Pilot Digitalisasi Bantuan Sosial Gianyar Pakai Parlinsos
Gambar atau konten salah?
106 peserta terlibat dalam uji coba digitalisasi bantuan sosial yang diluncurkan oleh Pemerintah Kabupaten Gianyar. Uji coba ini menggunakan Portal Perlindungan Sosial (Parlinsos) dan bertujuan meningkatkan akurasi data penerima serta memperkuat transparansi penyaluran bantuan.
Menurut Nurwidyaswanto, Sekretaris Dinas Sosial Kabupaten Gianyar, kegiatan ini merupakan bagian dari peluncuran terbatas (pilot) di Provinsi Bali sebelum diterapkan secara luas. Ia menegaskan bahwa pelaksanaan pilot ini berlangsung pada 04 Juni 2026.

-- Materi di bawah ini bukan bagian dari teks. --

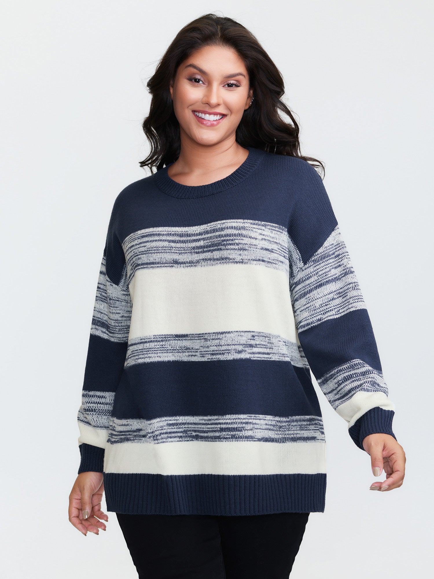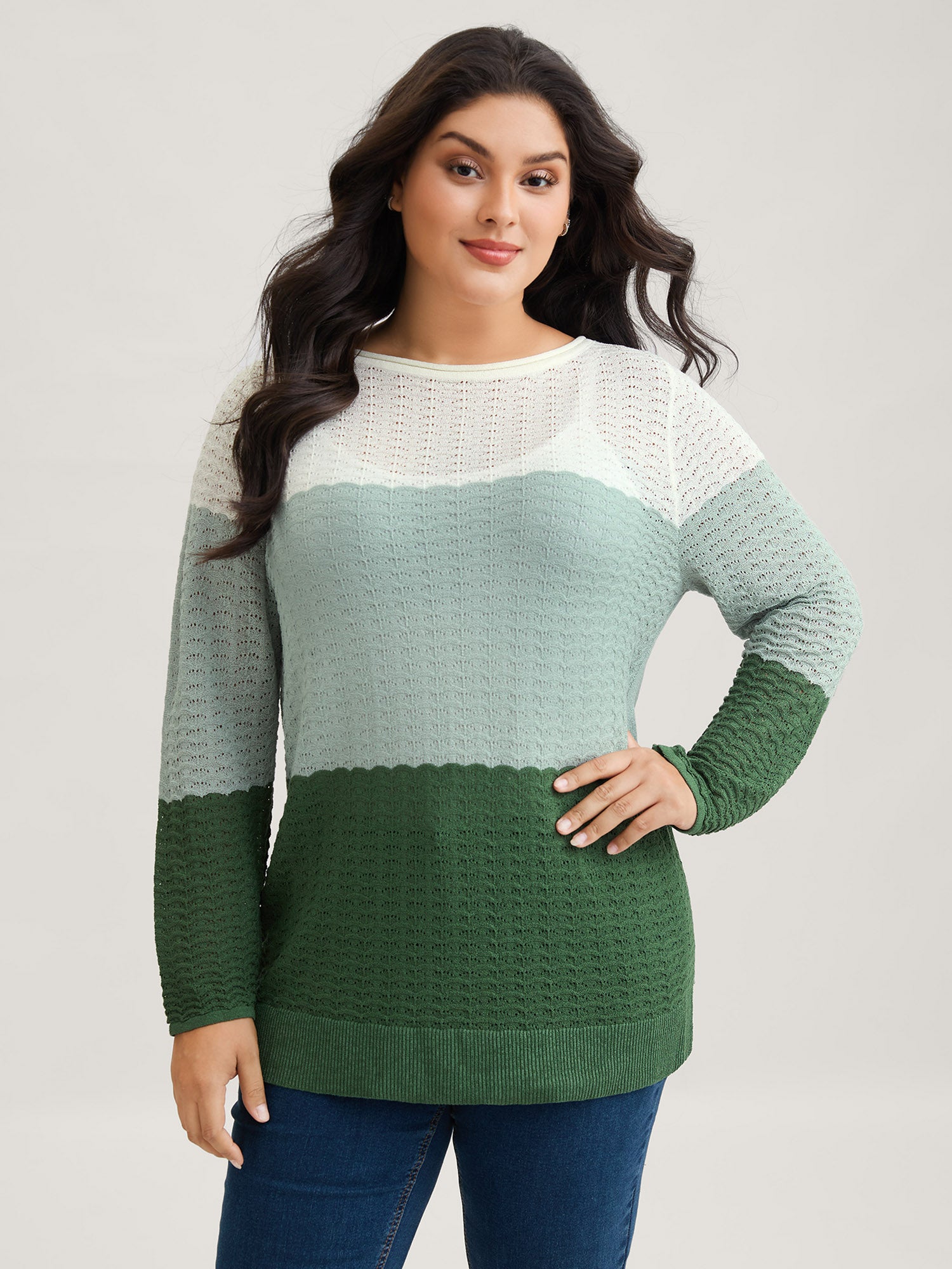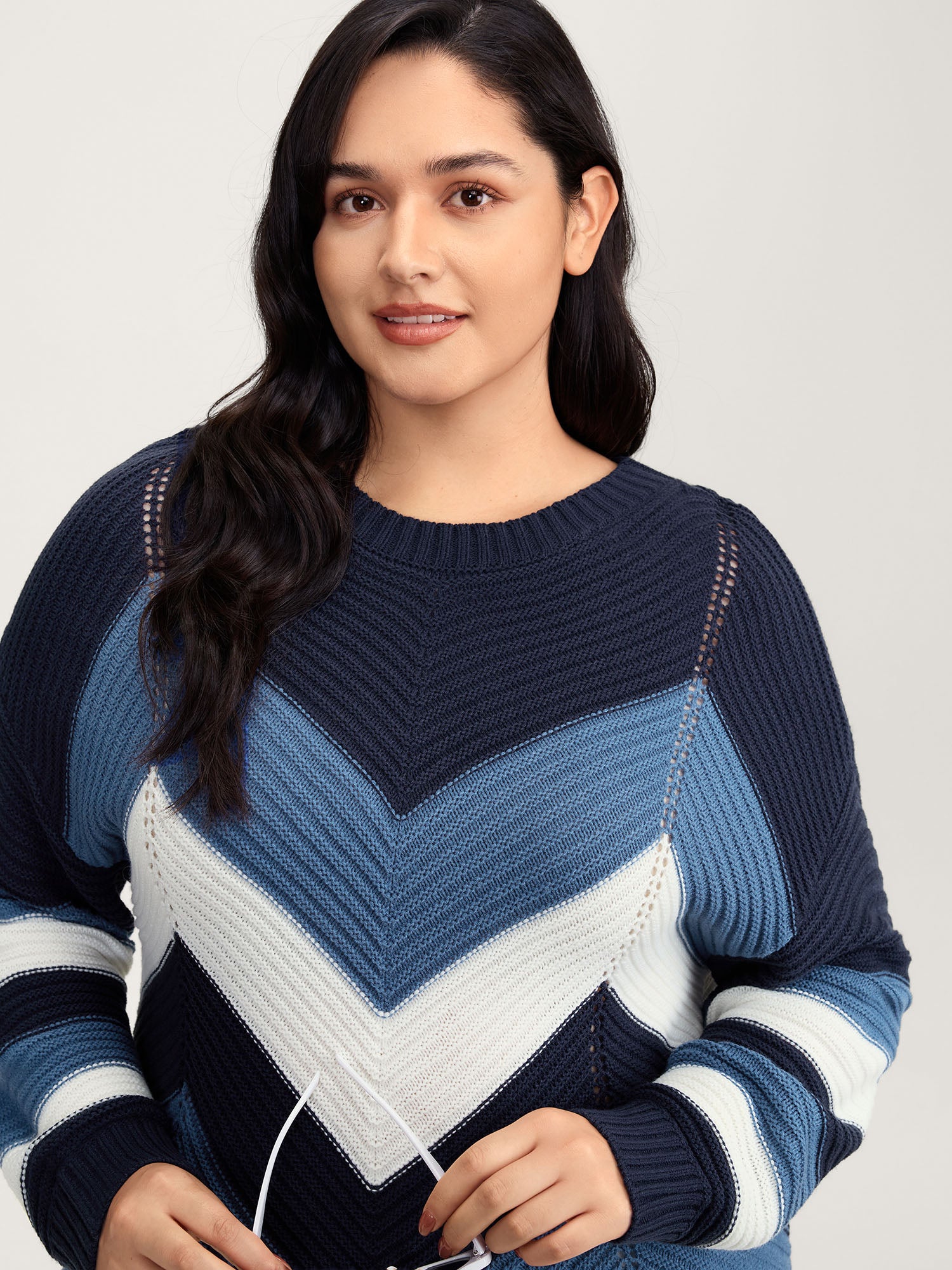 Round Neck Colorblock Asymmetrical Hem Pullover
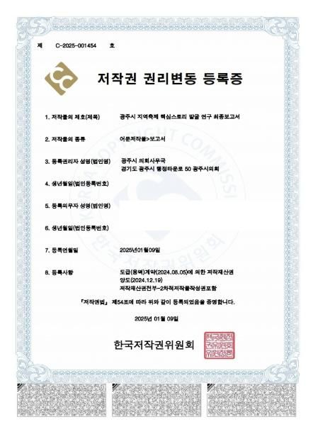 (중부시사신문) '광주시 축제발전 연구회'에서 전국 지방의회 최초로 축제 핵심스토리를 자체 개발해 지난 9일 저작권 등록을 마쳐 이목이 집중되고 있다.

Uji coba difokuskan di Kecamatan Blahbatuh karena di sana sudah ada pendamping dan agen yang siap mendampingi masyarakat peserta bantuan sosial. Semua peserta telah mengaktivasi identitas kependudukan digital (IKD), sehingga data dapat diakses secara online.
Program yang diuji adalah dua program bantuan sosial, yaitu Program Keluarga Harapan (PKH) dan Bantuan Pangan Non Tunai (BPNT) atau Bantuan Sembako. Data peserta kedua program tersebut diinput langsung oleh agen maupun pendamping yang terlibat dalam pelaksanaan program.
Para pendamping dan agen terdiri dari pendamping PKH, pendamping rehabilitasi sosial (Rehsos), dan kader posyandu di wilayah Blahbatuh. Semua data yang dimasukkan terintegrasi dengan berbagai data kementerian, lembaga, dan instansi terkait.
Integrasi tersebut memungkinkan sistem melakukan verifikasi secara langsung untuk menentukan kelayakan calon penerima bantuan sosial. Dengan demikian, proses penyaluran bantuan diharapkan menjadi lebih tepat sasaran dan tepat salur.
“Jika hasil verifikasi menunjukkan calon penerima belum memenuhi kriteria, agen maupun masyarakat yang diusulkan dapat mengajukan sanggahan melalui portal yang sama,” ujarnya. Mekanisme ini diharapkan dapat meningkatkan akurasi data sekaligus memperkuat transparansi dalam penyaluran bantuan sosial.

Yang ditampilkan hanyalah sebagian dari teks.